Sugar waste used for food packaging

By Charlotte Eyre

- Last updated on GMT

Related tags: Sugar

Bagasse, a previously useless waste product from sugar cane, can
now be used to make biodegradeable packaging for food products in
Thailand, its manufacturers claim.

With governments now concerned that Asia's rapid economic growth is leading to disastrous environmental harm, alternatives to plastic packaging are constantly being sought by food companies in the continent. The new "bagasse boxes" are made out of agricultural sugar waste, and so decompose after use, claims its Thai manufacturer, the Biodegradeable Packaging for Environment company. The packaging can be used instead of traditional plastic-based packaging, the company said, and so are both safe for human health and environmentally friendly. According to the newspaper the Bangkok Independent, the company created the packaging because of its breakthrough in developing a binder substance that forces bagasse pulp particles to join together. The resulting substance is both heat- and water-proof, and has passed US Food and Drugs Administration (FDA) standards, the newspaper said. The project was funded in part by the Thai National Innovation Agency (NIA), which donated Bt20m to the project as part of a drive to encourage the development of bio-based products across the country. Over the past five years packaging suppliers have been introducing various forms of biodegradable plastics made from a variety of plants, in the main corn, as a clean alternative to petroleum-based plastics. Some companies predict that the environmentally-friendly packaging market will grow by about 20 per cent a year, as an alternativeto petroleum-based packaging such as the widely-used polyethylene terephthalate (PET).
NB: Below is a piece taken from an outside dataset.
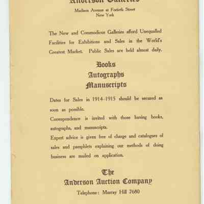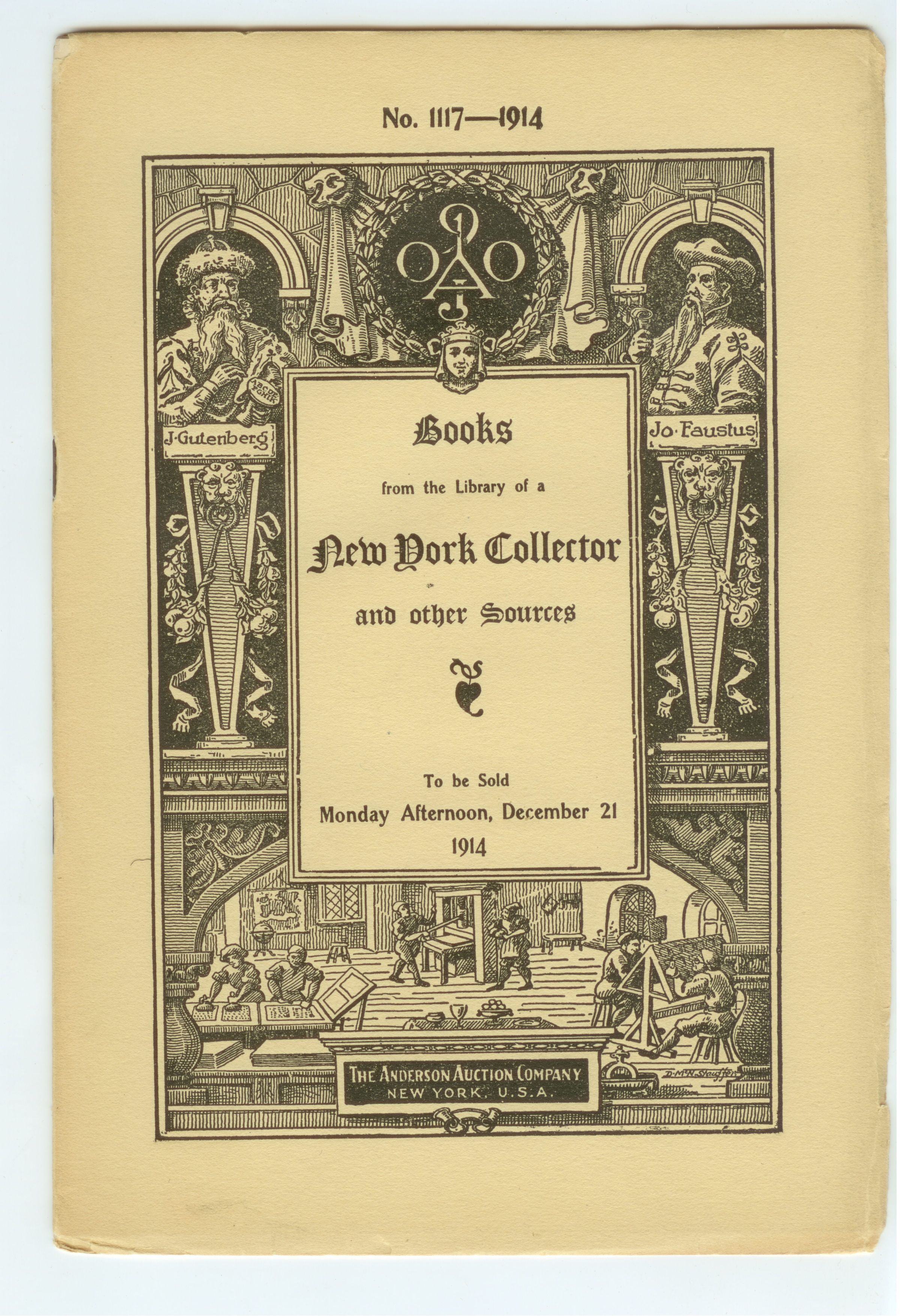CAT, BOOKS, 1914, NY. SALE 1117, 28 PP. INCL INVOICE FROM ANDERSON GALLERIES. 6 1/4" X 9"

Bagasse is a fibre product produced from sugarcane waste, often thrown away as uneconomical waste. However many companies around the world have started to catch on to the idea that Bagasse can make a cheap but efficient way of packaging foods. Cadbury is possibly the largest company currently using bagasse as part of it's ethical concern plans. In India, the company's Induri plant uses it as a renewable fuel to provide steam for manufacturing.